When the Jacksonville Jaguars selected UCF quarterback Blake Bortles with the third overall pick in the 2014 draft, most people expected that Bortles would start sooner than later. After all, the recent NFL trend has been for highly-drafted passers to start right away -- from Cam Newton to Robert Griffin III and Andrew Luck to Russell Wilson, many great quarterback situations began from Day 1.
It was surprising then, when it was suggested that Bortles would essentially sit out his first season. It was surprising because Chad Henne was the only guy Bortles had to beat out to start; it was surprising because the Jaguars are not realistically in contention for a 2014 playoff berth; and it was surprising because more and more, NFL teams are meeting their young quarterbacks halfway when it comes to the offenses they want those quarterbacks to run in the pros, and the games they ran in college.

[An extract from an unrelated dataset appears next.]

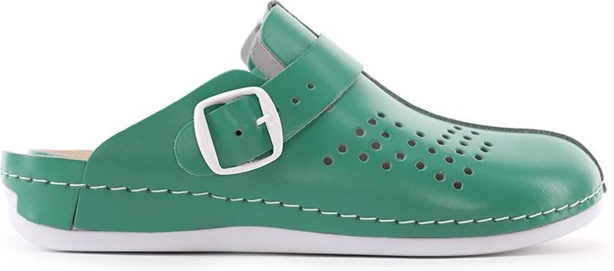 Deze klomp vormt zich aan de voet en daarmee biedt het de optimale ondersteuning aan zowel rug als benen. Deze duurzame en comfortabele klomp heeft een schacht die bestendig aan de zool is bevestigd. De ventilerende bovenzijde en de zachte, 100% lederen binnenzool met antislip maakt het lopen en staan zeer aangenaam op deze werkschoenen.
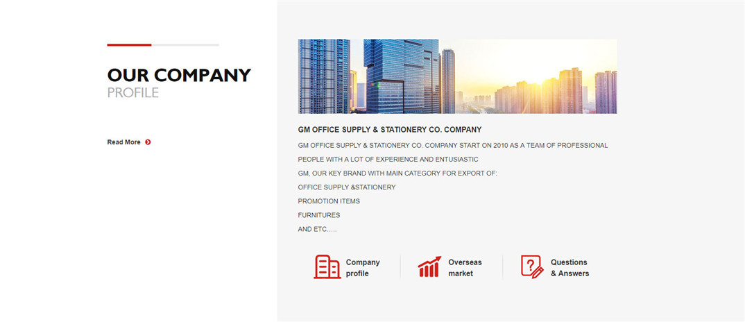 作品简介:GM OFFICE SUPPLY & STATIONERY CO. COMPANY START ON 2010 AS A TEAM OF PROFESSIONAL PEOPLE WITH A LOT OF EXPERIENCE AND ENTUSIASTIC GM, OUR KEY BRAND WITH MAIN CATEGORY FOR EXPORT OF: OFFICE SUPPLY &STATIONERY PROMOTION ITEMS FURNITURES AND ETC…..

"We really felt comfortable with [Henne] coming back with another year in the system," head coach Gus Bradley said in May. "I think it gave us flexibility. When Blake was there available for us [at the No. 3 pick], we really wanted to capture that opportunity. And we do feel good about where Blake's at, but we feel like this time that he has under Chad, a year to develop, will be really good in the end result."
That's not a surprise in one way. Bradley is a defensive-minded coach, and defensive-minded coaches generally want their quarterbacks to be safe and reliable. But given what we've seen from Bortles in two preseason games, Bradley and the Jaguars might want to take a page from the Seattle Seahawks (whose defense Bradley used to run), who named Russell Wilson their starter in 2012 despite having signed the more experienced Matt Flynn to a lucrative free-agent contract in the offseason. Wilson was good enough in the preseason to alter the paradigm, and the Seahawks were flexible enough to let it happen.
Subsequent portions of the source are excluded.